- Reactron as depicted in Supergirl vol. 5 #26 (April 2008). Art by Drew Johnson and Lee Ferguson (pencillers), Ray Snyder and Marc Deering (inkers), and Brad Anderson (colorist).

Publication information
- Publisher: DC Comics
- First appearance: The Daring New Adventures of Supergirl #8 (June 1983)
- Created by: Paul Kupperberg (writer) Carmine Infantino (artist)

In-story information
- Alter ego: Benjamin K. Krullen
- Species: Metahuman
- Place of origin: Earth
- Team affiliations: Suicide Squad Nuclear Legion
- Abilities: Superhuman strength, stamina and durability Flight Nuclear blasts Body generates lethal radiation

= Reactron =

DC Comics supervillain

Reactron (Benjamin Krullen) is a supervillain who appears in comic books published by DC Comics, usually as an adversary of Supergirl.

==Publication history==
Reactron first appeared in The Daring New Adventures of Supergirl #8 (June 1983), in a story written by Paul Kupperberg and drawn by Carmine Infantino.

==Fictional character biography==
===Pre-Crisis===

Reactron as depicted in his early appearances.

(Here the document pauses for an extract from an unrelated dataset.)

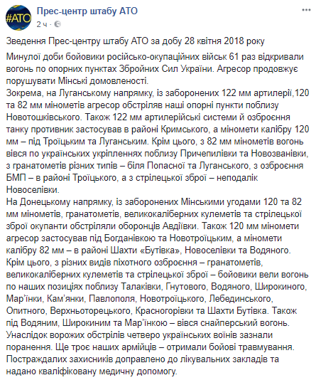 Так, на Луганском направлении, из запрещенных 122-мм артиллерии,120 и 82 мм минометов боевики обстреляли опорные пункты вблизи Новотошковского. Также 122-мм артиллерийские системы и вооружение танка противник применил в районе Крымского, а минометы калибра 120 мм – под Троицким и Луганским.
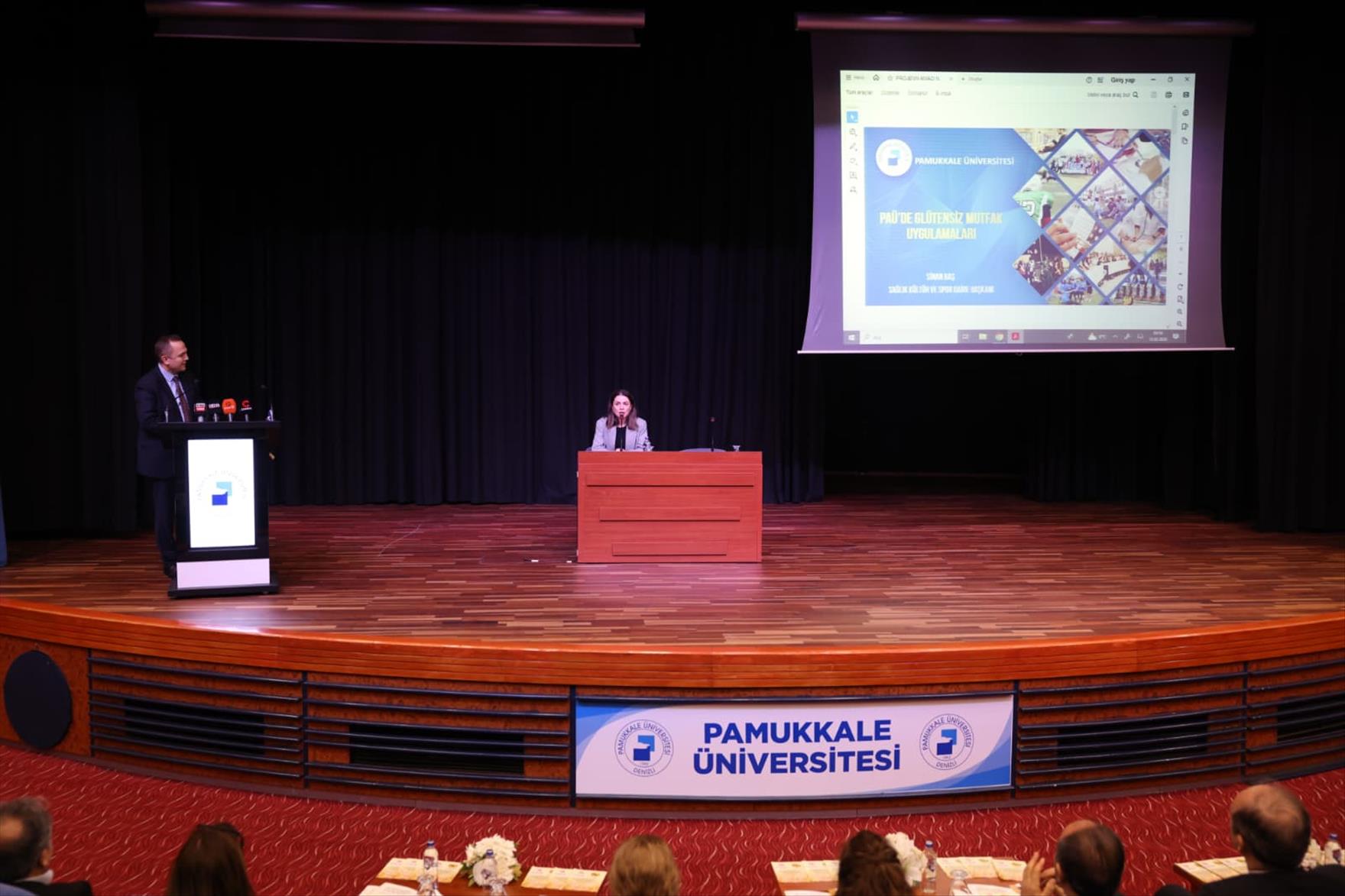 Açılış konuşmalarının ardından PAÜ SKS Daire başkanı Sinan Baş, PAÜ’de Glütensiz Yemek Uygulamaları adlı sunumunu gerçekleştirdi. Sunumun ardından Rektör Prof. Dr. Mahmud Güngör SKS Daire Başkanı Sinan Baş2a teşekkür belgesi takdim etti. Sunumun ardından program müzik dinletisi ile devam etti.

Benjamin Krullen is a sergeant serving in the US Army during the Vietnam War, alongside Joshua Clay. When Krullen massacres the inhabitants of a Vietnamese village, the shock triggers the activation of Clay's metahuman powers. Clay seemingly destroys Krullen with his energy blasts, then goes AWOL.

Krullen, instead of being killed, is transformed into a being capable of generating radioactive energy and concussive blasts. Calling himself Reactron, the Living Reactor, he surfaces years later and attacks the Doom Patrol, then later fights Supergirl.

===Post-Crisis===
Reactron's origin and background are altered following the 1985 Crisis on Infinite Earths continuity reboot. he faces the Doom Patrol and Power Girl in his first appearance. Most of his pre-Crisis continuity is intact, but it is now said that his previous battles involved Power Girl instead of Supergirl. Seemingly destroyed after overloading on Negative Woman's energy, Reactron resurfaces unharmed as a member of the Suicide Squad.

Reactron, redesigned with a Gold Kryptonite heart, wreaks havoc alongside Metallo during the "New Krypton" storyline.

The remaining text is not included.